The Origin of Human Language
No-one knows for sure just how old human language is, i.e. the capacity of evolving humans to use a spoken language to communicate. It is presumed that it developed in stages, and not just all at once. Humans are basically a social, co-operative species of primate and language serves to increase the success of co-operation. As humans spread out of Africa (according to the most up to date theories about human evolution), the number of languages would have gradually changed and increased in overall number.
Linguistic Diversity comes from Geographic Isolation
Geographic isolation is the main factor in language creation. The island with the most diverse languages is the island of New Guinea, which is divided into modern-day Papua New Guinea to the east and Irian Jaya, a contested part of Indonesia to the west. There are over 800 separate languages recorded in Papua New Guinea alone and probably a similar number in Irian Jaya. That’s nearly a quarter of the world total of 7,000 languages!
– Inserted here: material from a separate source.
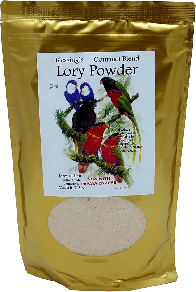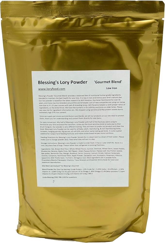 LORY POWDER- "Gourmet Blend" Was created to be a nutritional powder with bee pollen, dried flowers,fruits, and 16 other ingredients. Feed dry with water bowl close, as lories are dippers! Blessing Super Foods nutrients are from Natural ingredients ground up and mixed, not just sugar,soy flour, artificial favoring, and added supplements. They have been breeding parrots for 30 years and have always felt that nutrition was the number one factor in successful breeding of any living animal. They believe that humans get their nutrients from natural food sources, so should the animal we own. Eating junk food and buying vitamin tablets is not the same. This lory food is a complete balanced diet. It was formulated in the US and fine tuned by some of the biggest Aussie & US breeders. They do their own milling and packaging to control the quality in all of their products. They only use human grade ingredients in a very clean mixing environment.

The major reasons for this incredible number of languages are that historically, the human communities in New Guinea have been separated from each other by huge geographical barriers: jagged mountain ranges, impenetrable forests, volcanic islands surrounded by treacherous seas and vast, fast-flowing rivers.
The Most Spoken Languages
Most of the 7,000 languages currently spoken are spoken by only relatively small numbers of people, but on the other hand, some languages are spoken by huge numbers of people. , The most spoken language is Chinese, which has around a billion people who speak it as a native language. This is followed by Spanish, most of whose speakers live in Central and South America and the Caribbean. The third most commonly spoken language is English. Other languages with large numbers of speakers include Arabic, Hindi, Indonesian, French, Portuguese and Russian.
Some languages aren’t real languages at all, or at least they have been created by people at one time or another for a particular reason. Esperanto was created in the nineteenth century, hopefully, to be used as an international language that wasn’t tied too much to any individual country’s national language. In fact, it is much more like a Latin language and despite the fact that there are still people who speak it, it never caught on.
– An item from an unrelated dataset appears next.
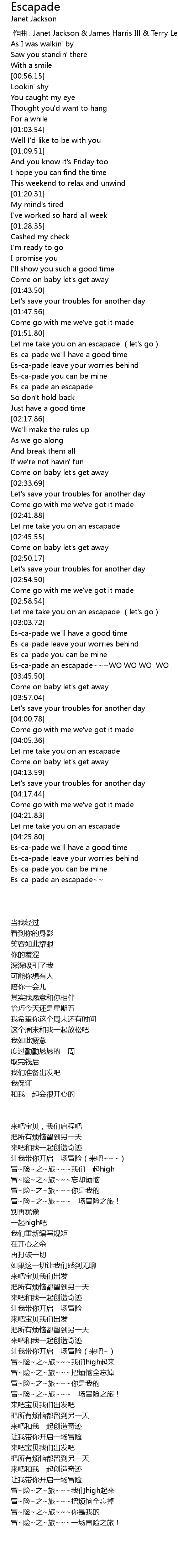| [04:26.65] | Es-ca-pade we'll have a good time |

Other rather more esoteric ‘languages’ are imaginary languages like Elvish, spoken by the fictional Elves of J.R.R. Tolkien in the lord of the Rings trilogy. Amazingly, there are over 200 of these imaginary languages that have been created.
Perhaps much more useful are official sign languages. These are used by most countries to communicate with the deaf. In fact, in some countries, sign language might be the only other ‘official’ language apart from the main national language spoken by most.
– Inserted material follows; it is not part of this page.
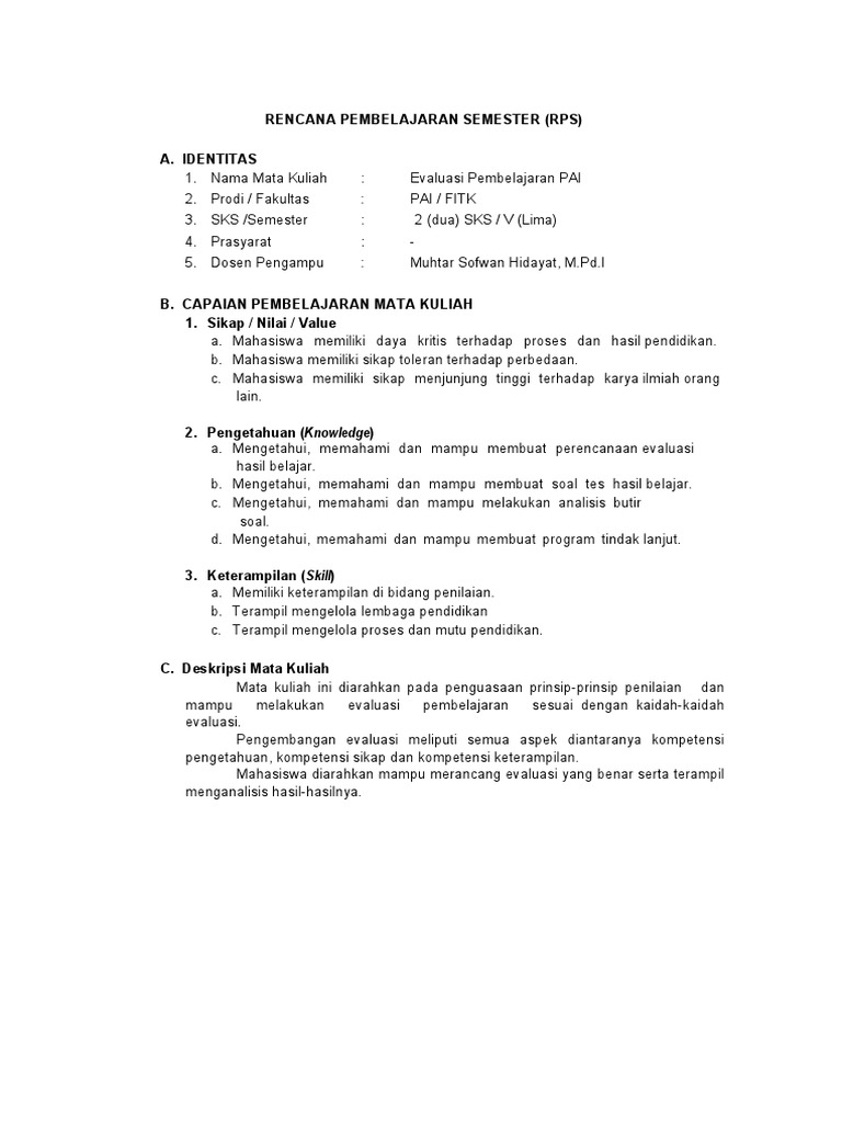 1. Nama Mata Kuliah : Evaluasi Pembelajaran PAI

Words that Sound Like the Sounds Of Nature – Onomatopoeia
Many words have been taken from sounds in nature. These may be totally inanimate like the sound of the wind or waves or trains chugging over the tracks. They may be sounds made by animals and birds. Strangely enough, onomatopoeia, which is the name for this origin of human language, is not entirely uniform. For example, the sound of the crow is ‘go-geh-go-go’ in Chinese, but ‘co-co-ro-co’ in Catalan, ‘kikeriki’ in German and ‘cockle-doodle-doo’ in English! In Bengal, India, where cows are sacred to Hindus at least, they make a noise which in Bengali is rendered ‘hamba, hamba.’ In English, the very same cows go ‘mooooo!’
Letters and Characters
The spoken language was converted into a script when human societies first developed irrigation and organised agriculture. Hebrew, Sanskrit, Basque and Sumerian were some of the first languages to be written down. There are many ways to write down all those 7,000 languages. Some like Chinese, Korean and Japanese use characters. Others use the Latinised alphabet like English, German and Indonesian. There is the Cyrillic alphabet used by Russian and Bulgarian. Then there is a myriad of other languages that are mutually unintelligible and use their own scripts like Hindi, Thai and Arabic.
Some languages have never been written down before very recently and their alphabet has almost been invented by others who have learned their language, often to promote the Bible. Of the languages that use the Latin alphabet, English gets along just fine with 26 letters, while Rotokas, a Papua New Guinean language only uses 11. Khmer, the official language of Cambodia, uses an incredible 74.
Just to show that these scripts are limited in comparison, consider Chinese, which can boast 50,000 different characters. This might seem far too many if you are only learning Chinese for the first time, but apparently, only 2,000 characters are ever used most of the time, which cuts down your learning time considerably!